As shown below, when dividing companies into groups—those reporting that tariffs have negatively impacted profit margins vs those who discuss tariffs but do not report negative profit margin impacts —companies reporting negative profitability impacts due to tariffs have in fact seen their gross margins (i.e., percentage of money a company keeps from its sales after covering the direct costs of producing its goods or services) contract year-to -date.
This is also a reasonable relationship between various sectors’ aggregate year-to-date gross margin changes and the share of businesses in the same sector saying that tariffs are negatively impacting their profitability.
As the chart below shows, if a sector has more companies who discuss tariffs negatively impacting profits, those same sectors have seen more margin compression in 2025, indicating that our survey results are indicative of realized business outcomes.
Of course, one would not expect this relationship to be perfect. A sector could in aggregate be experiencing negative profitability impacts due to tariffs, but those impacts could be offset by other dynamics boosting profitability unrelated to tariffs (and the earnings call analysis specifically looks for corporate executives’ comments on profitability impacts related to tariffs) – though this is one reason to compare survey results to gross margins instead of comparing to companies’ overall operating margins (which will have even more mitigating pressures that could offset rising input costs.
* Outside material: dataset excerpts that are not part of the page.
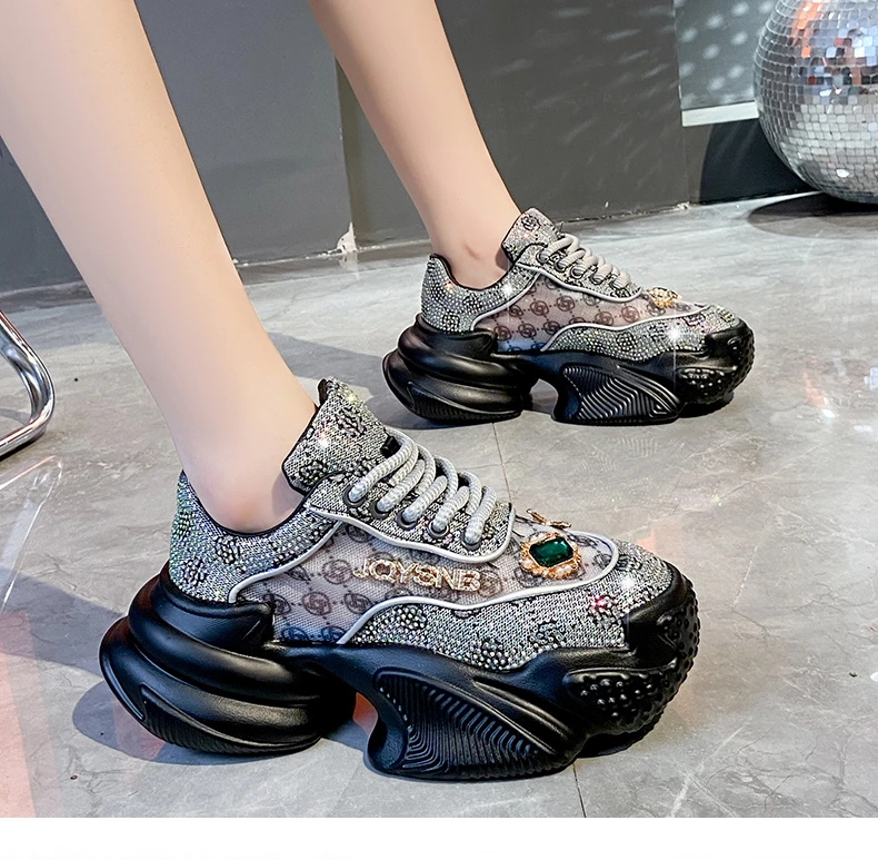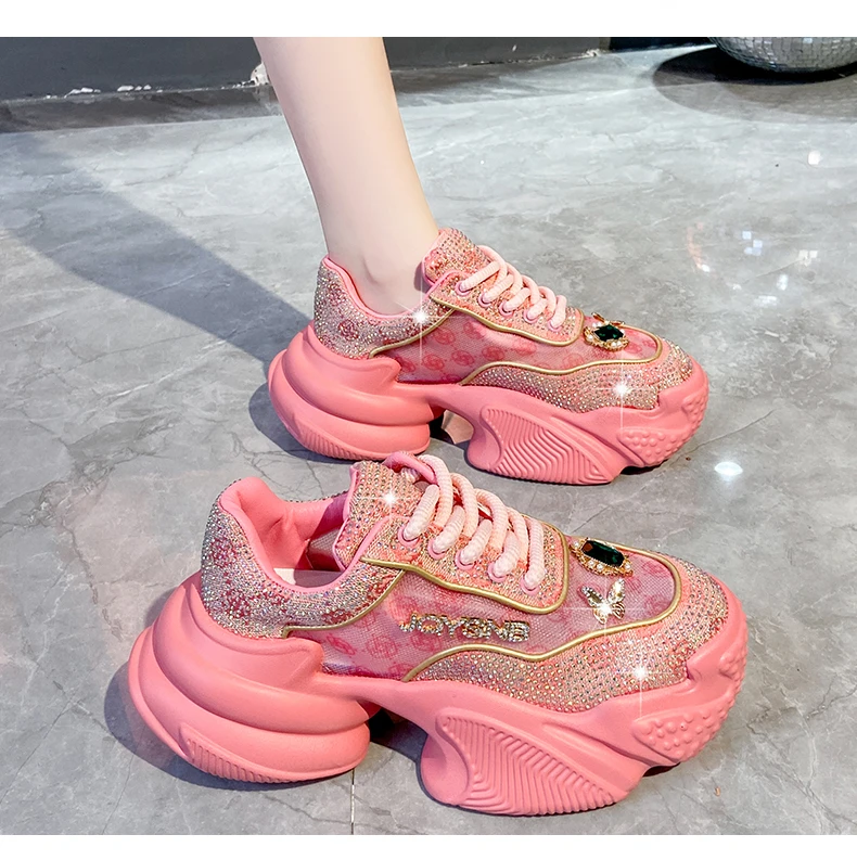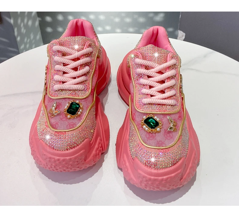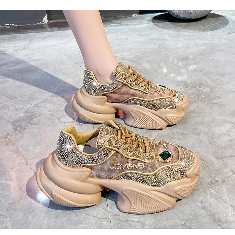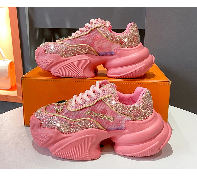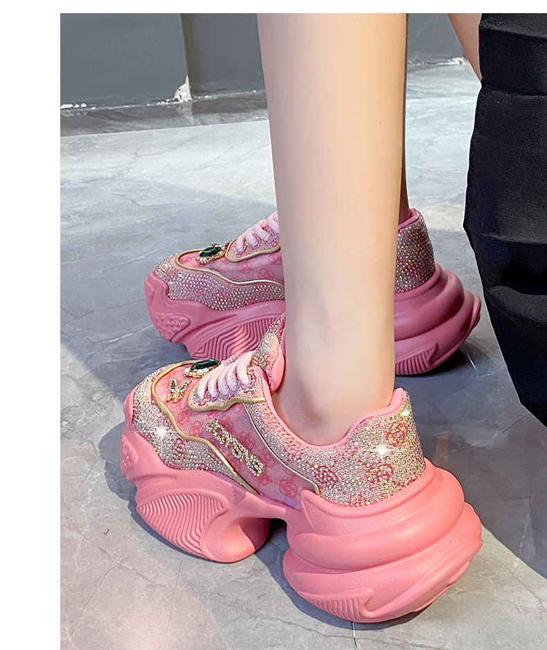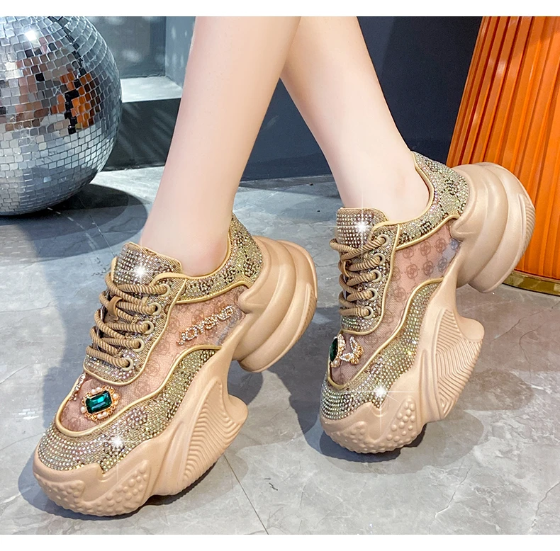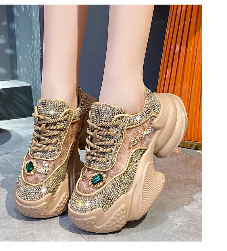 2025 Women’s Luxury Shoes Vulcanized Sports Shoes Shining Water Diamond Thick Bottom Lace Comfortable Designer Casual Shoes
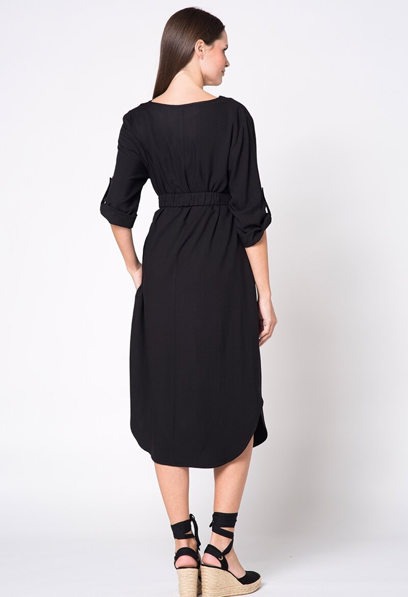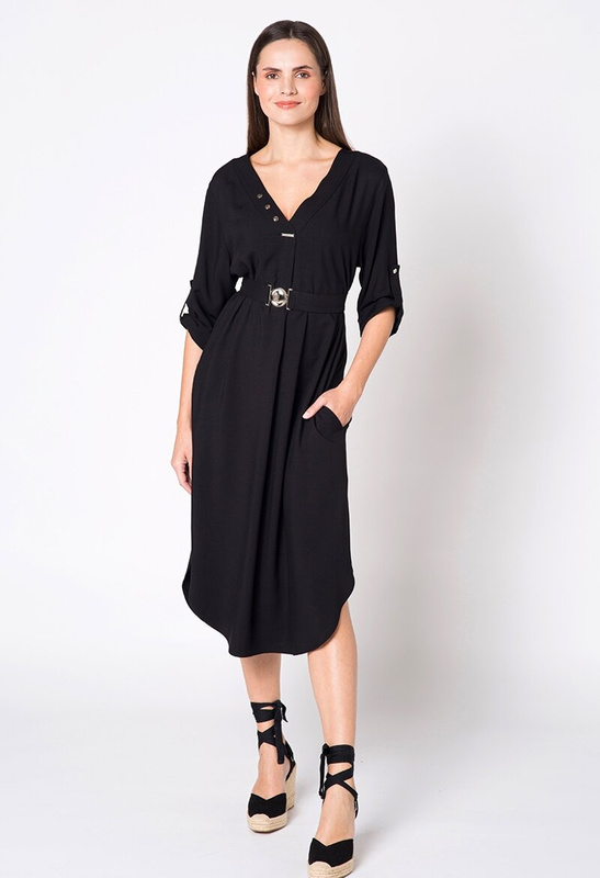 Czarna sukienka z wiskozy z paskiem z klamrą Ávila
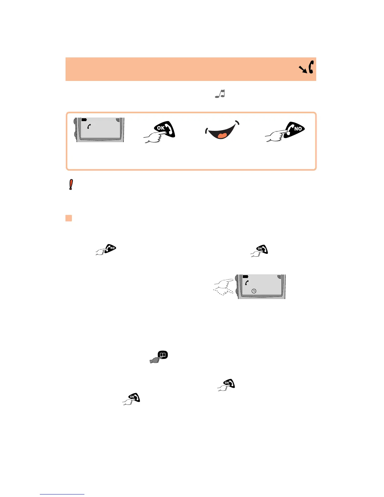 An incoming call is indicated by a ringing tone and flashing of the green

[1] ©2025 Andersen Institute for Finance & Economics. All Rights Reserved. This material is confidential intellectual property of the Andersen Institute for Finance & Economics. Jason Cheal, Khia Kurtenbach, and David Jin are Andersen Institute researchers; The authors would like to thank Andersen Consulting for their partnership in utilizing Palantir’s Foundry platform for this analysis. The views expressed in this note are those of the authors and do not represent an official position of The Andersen Institute for Finance and Economics or affiliated organizations. By viewing this Andersen Institute Note, you agree that you will not directly or indirectly copy, modify, record, publish, or redistribute this material and the information therein, in whole or in part. No warranty or representation, express or implied, is made by the Andersen Institute or any of its affiliates, nor does Andersen accept any liability with respect to the information and data set forth herein. Distribution hereof does not constitute legal, tax, accounting, investment or other professional advice. The information provided herein is not intended to provide a sufficient basis on which to make an investment decision. Recipients should consult their own advisors, including tax advisors, before making any investment.
[2] The methodology builds upon the paper Geoeconomic Pressure from Christopher Clayton, Antonio Coppola, Matteo Maggiori, and Jesse Schreger. Thus, we first flag earnings call transcripts for tariff discussions (or semantically similar discussions) and then check each flagged transcript for discussion of tariff impacts and mitigation strategies. The prompts utilized are minor variations of the original ones. This methodology is implemented prompting Gemini 2.0 Flash model on the Palantir Foundry platform.